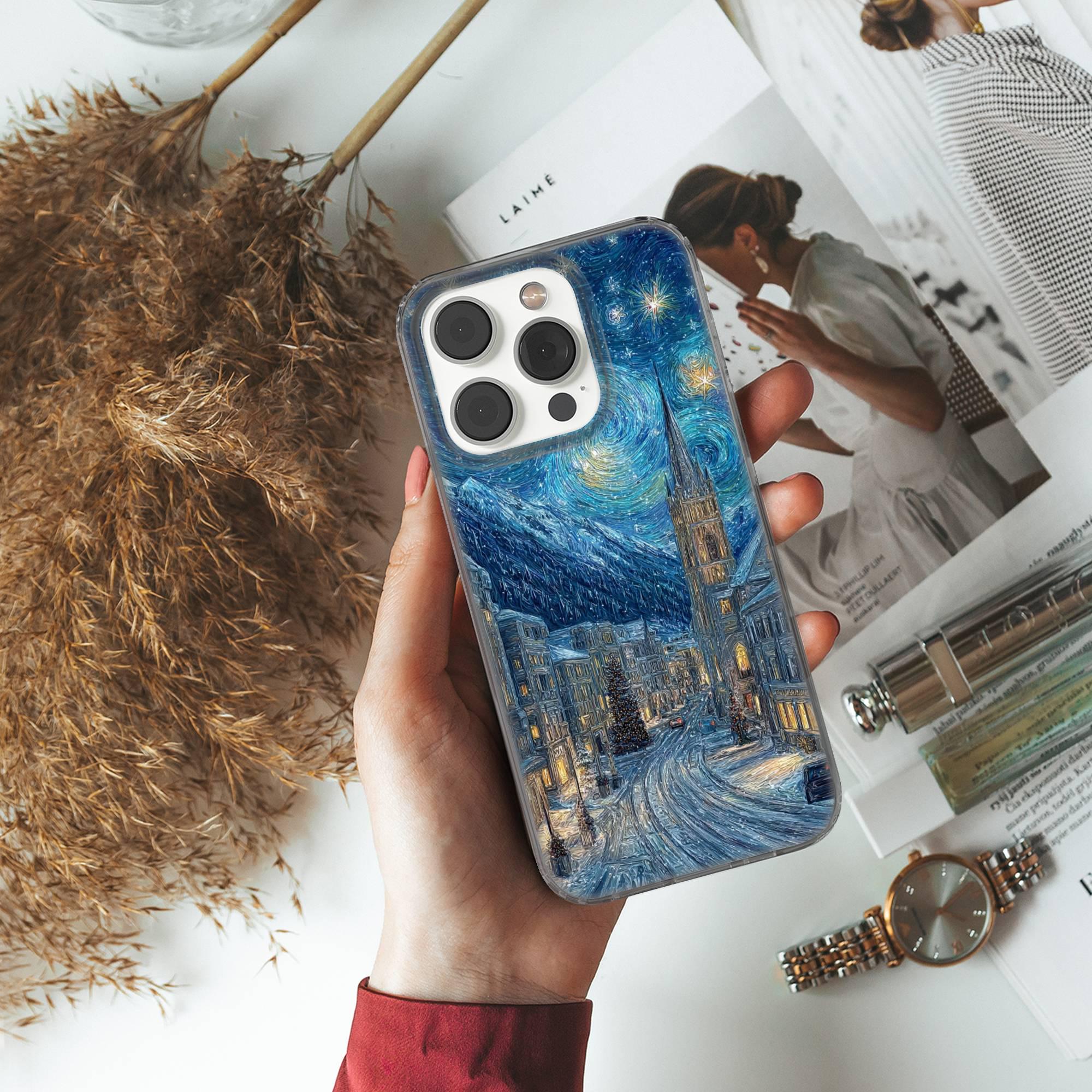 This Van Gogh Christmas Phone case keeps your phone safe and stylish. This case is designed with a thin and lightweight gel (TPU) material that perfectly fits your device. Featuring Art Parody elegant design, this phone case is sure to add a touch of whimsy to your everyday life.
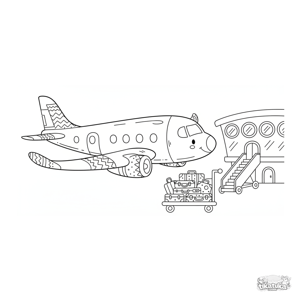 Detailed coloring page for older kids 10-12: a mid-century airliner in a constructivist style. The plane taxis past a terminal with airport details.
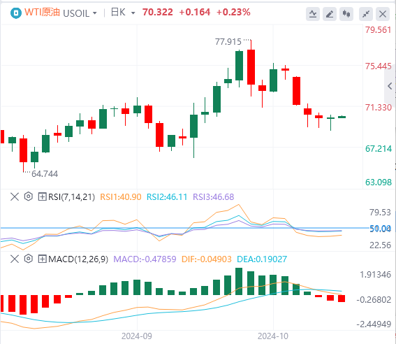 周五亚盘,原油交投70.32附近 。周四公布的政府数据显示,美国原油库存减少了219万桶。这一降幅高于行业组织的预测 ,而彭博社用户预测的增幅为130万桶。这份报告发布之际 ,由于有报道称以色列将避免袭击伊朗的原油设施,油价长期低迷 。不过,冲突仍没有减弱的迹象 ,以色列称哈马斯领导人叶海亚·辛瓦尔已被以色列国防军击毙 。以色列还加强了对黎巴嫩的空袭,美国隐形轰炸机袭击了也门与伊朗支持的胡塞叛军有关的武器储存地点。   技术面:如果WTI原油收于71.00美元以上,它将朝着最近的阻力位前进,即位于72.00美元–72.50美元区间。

▶ [Aim of the task] Restate the listing word for word, pictures excluded.

▶ [Answer below]
 This Van Gogh Christmas Phone case keeps your phone safe and stylish. This case is designed with a thin and lightweight gel (TPU) material that perfectly fits your device. Featuring Art Parody elegant design, this phone case is sure to add a touch of whimsy to your everyday life.
 Detailed coloring page for older kids 10-12: a mid-century airliner in a constructivist style. The plane taxis past a terminal with airport details.
 周五亚盘,原油交投70.32附近 。周四公布的政府数据显示,美国原油库存减少了219万桶。这一降幅高于行业组织的预测 ,而彭博社用户预测的增幅为130万桶。这份报告发布之际 ,由于有报道称以色列将避免袭击伊朗的原油设施,油价长期低迷 。不过,冲突仍没有减弱的迹象 ,以色列称哈马斯领导人叶海亚·辛瓦尔已被以色列国防军击毙 。以色列还加强了对黎巴嫩的空袭,美国隐形轰炸机袭击了也门与伊朗支持的胡塞叛军有关的武器储存地点。   技术面:如果WTI原油收于71.00美元以上,它将朝着最近的阻力位前进,即位于72.00美元–72.50美元区间。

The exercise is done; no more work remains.